#### TASK PROMPT
The answer is the exact run of lines in the listing below from the line containing "1 Hend Charfeddine" up to and including the line containing "Green Pine and", with pictures removed.

#### WORKING DATA
——————
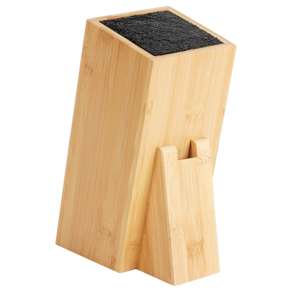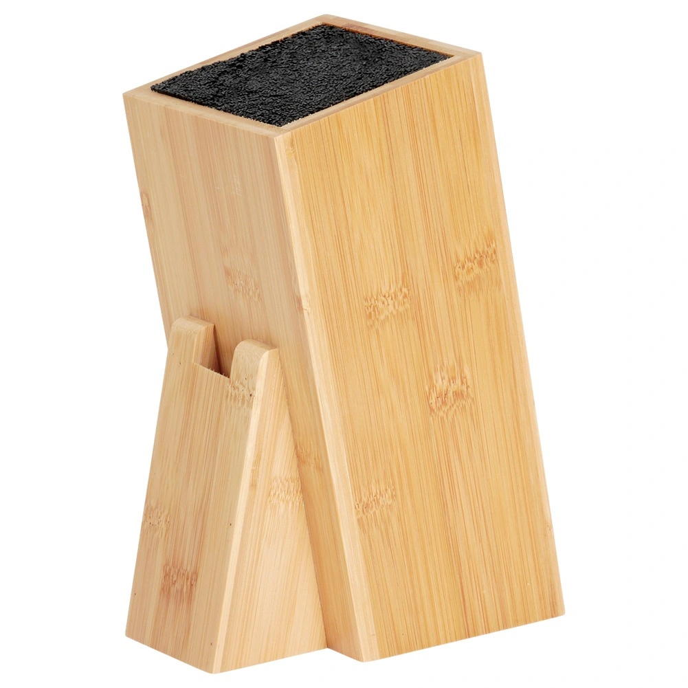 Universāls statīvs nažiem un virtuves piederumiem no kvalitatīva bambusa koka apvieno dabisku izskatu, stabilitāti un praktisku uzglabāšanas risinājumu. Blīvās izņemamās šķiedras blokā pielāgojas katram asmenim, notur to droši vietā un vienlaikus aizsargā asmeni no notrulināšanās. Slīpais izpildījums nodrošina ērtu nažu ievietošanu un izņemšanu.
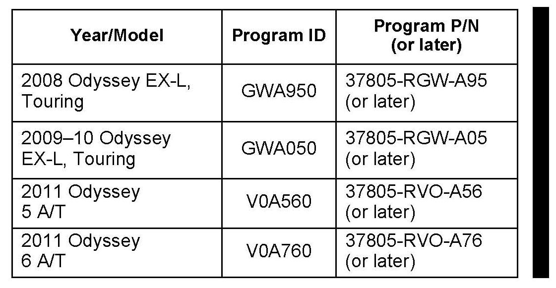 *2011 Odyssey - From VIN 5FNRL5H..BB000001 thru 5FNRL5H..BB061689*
——————
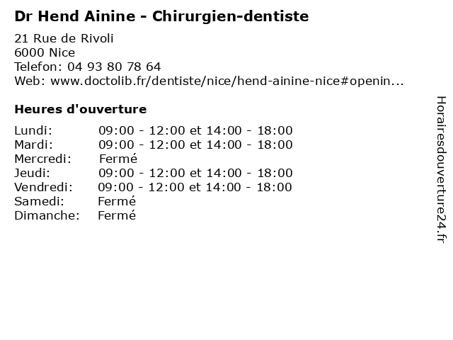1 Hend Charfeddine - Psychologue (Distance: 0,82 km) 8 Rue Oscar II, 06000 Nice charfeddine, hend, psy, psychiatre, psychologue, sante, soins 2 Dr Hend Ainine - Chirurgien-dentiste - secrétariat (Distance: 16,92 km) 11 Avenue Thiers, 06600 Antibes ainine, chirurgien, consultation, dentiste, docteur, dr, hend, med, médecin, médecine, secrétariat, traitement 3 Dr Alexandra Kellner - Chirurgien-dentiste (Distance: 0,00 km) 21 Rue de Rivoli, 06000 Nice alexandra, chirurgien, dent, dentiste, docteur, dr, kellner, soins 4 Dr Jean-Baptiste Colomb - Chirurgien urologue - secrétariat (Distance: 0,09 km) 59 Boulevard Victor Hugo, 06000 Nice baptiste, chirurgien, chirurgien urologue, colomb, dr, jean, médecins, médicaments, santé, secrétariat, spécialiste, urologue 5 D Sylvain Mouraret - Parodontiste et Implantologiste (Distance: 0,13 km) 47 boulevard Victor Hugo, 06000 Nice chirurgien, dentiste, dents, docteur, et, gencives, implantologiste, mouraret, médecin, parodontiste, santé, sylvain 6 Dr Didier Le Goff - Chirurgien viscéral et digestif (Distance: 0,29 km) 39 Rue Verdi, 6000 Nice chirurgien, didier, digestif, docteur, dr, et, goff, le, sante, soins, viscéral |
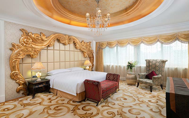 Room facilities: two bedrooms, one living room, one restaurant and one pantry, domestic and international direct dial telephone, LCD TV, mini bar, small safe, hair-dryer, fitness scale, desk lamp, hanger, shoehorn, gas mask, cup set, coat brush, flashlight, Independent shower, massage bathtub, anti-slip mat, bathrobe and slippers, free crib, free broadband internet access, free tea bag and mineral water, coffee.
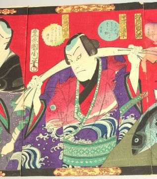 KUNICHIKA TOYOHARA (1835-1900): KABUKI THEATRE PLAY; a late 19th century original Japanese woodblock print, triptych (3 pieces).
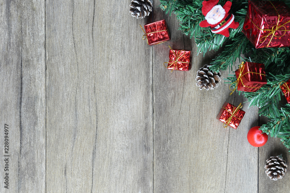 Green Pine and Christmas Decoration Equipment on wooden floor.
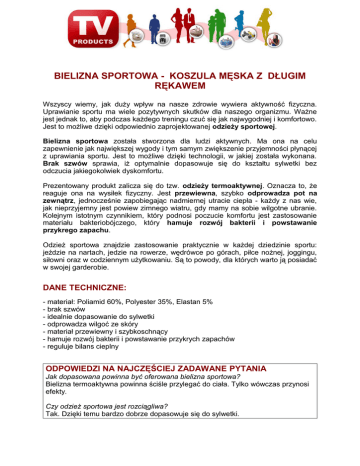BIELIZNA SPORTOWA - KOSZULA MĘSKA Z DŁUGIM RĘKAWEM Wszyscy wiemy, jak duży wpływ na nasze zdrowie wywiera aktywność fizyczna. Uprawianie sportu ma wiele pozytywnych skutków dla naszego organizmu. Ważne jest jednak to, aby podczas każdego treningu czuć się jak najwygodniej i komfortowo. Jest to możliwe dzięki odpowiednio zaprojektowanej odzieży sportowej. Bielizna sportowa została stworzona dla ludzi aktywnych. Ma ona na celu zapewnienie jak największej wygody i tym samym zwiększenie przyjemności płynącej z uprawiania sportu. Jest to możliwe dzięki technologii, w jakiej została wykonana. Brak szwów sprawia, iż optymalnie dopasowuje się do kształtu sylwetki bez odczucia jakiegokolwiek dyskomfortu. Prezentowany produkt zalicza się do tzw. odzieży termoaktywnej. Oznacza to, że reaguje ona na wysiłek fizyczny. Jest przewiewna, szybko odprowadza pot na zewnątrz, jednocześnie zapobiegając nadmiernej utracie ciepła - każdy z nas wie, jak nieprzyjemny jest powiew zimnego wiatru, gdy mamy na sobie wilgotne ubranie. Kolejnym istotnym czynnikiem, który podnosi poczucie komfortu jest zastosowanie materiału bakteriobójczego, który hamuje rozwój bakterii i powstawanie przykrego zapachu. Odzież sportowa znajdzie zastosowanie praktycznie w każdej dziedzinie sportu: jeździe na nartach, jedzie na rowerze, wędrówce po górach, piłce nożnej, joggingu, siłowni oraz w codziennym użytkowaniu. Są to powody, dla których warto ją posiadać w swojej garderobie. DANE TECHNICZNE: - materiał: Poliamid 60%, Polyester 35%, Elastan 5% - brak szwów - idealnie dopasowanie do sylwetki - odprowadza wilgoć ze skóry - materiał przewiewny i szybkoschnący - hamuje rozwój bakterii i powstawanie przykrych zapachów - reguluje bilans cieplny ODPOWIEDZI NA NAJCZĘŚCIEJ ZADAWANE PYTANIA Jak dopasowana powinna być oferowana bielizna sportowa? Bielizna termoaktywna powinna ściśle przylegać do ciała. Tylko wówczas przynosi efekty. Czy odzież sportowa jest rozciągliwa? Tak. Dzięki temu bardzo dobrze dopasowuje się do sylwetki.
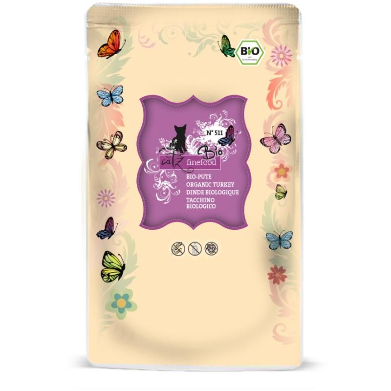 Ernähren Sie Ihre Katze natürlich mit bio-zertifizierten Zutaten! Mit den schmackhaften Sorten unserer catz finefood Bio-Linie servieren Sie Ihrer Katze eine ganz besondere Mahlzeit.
——————
#### TASK ANSWER
1 Hend Charfeddine - Psychologue (Distance: 0,82 km) 8 Rue Oscar II, 06000 Nice charfeddine, hend, psy, psychiatre, psychologue, sante, soins 2 Dr Hend Ainine - Chirurgien-dentiste - secrétariat (Distance: 16,92 km) 11 Avenue Thiers, 06600 Antibes ainine, chirurgien, consultation, dentiste, docteur, dr, hend, med, médecin, médecine, secrétariat, traitement 3 Dr Alexandra Kellner - Chirurgien-dentiste (Distance: 0,00 km) 21 Rue de Rivoli, 06000 Nice alexandra, chirurgien, dent, dentiste, docteur, dr, kellner, soins 4 Dr Jean-Baptiste Colomb - Chirurgien urologue - secrétariat (Distance: 0,09 km) 59 Boulevard Victor Hugo, 06000 Nice baptiste, chirurgien, chirurgien urologue, colomb, dr, jean, médecins, médicaments, santé, secrétariat, spécialiste, urologue 5 D Sylvain Mouraret - Parodontiste et Implantologiste (Distance: 0,13 km) 47 boulevard Victor Hugo, 06000 Nice chirurgien, dentiste, dents, docteur, et, gencives, implantologiste, mouraret, médecin, parodontiste, santé, sylvain 6 Dr Didier Le Goff - Chirurgien viscéral et digestif (Distance: 0,29 km) 39 Rue Verdi, 6000 Nice chirurgien, didier, digestif, docteur, dr, et, goff, le, sante, soins, viscéral |
 Room facilities: two bedrooms, one living room, one restaurant and one pantry, domestic and international direct dial telephone, LCD TV, mini bar, small safe, hair-dryer, fitness scale, desk lamp, hanger, shoehorn, gas mask, cup set, coat brush, flashlight, Independent shower, massage bathtub, anti-slip mat, bathrobe and slippers, free crib, free broadband internet access, free tea bag and mineral water, coffee.
 KUNICHIKA TOYOHARA (1835-1900): KABUKI THEATRE PLAY; a late 19th century original Japanese woodblock print, triptych (3 pieces).
 Green Pine and Christmas Decoration Equipment on wooden floor.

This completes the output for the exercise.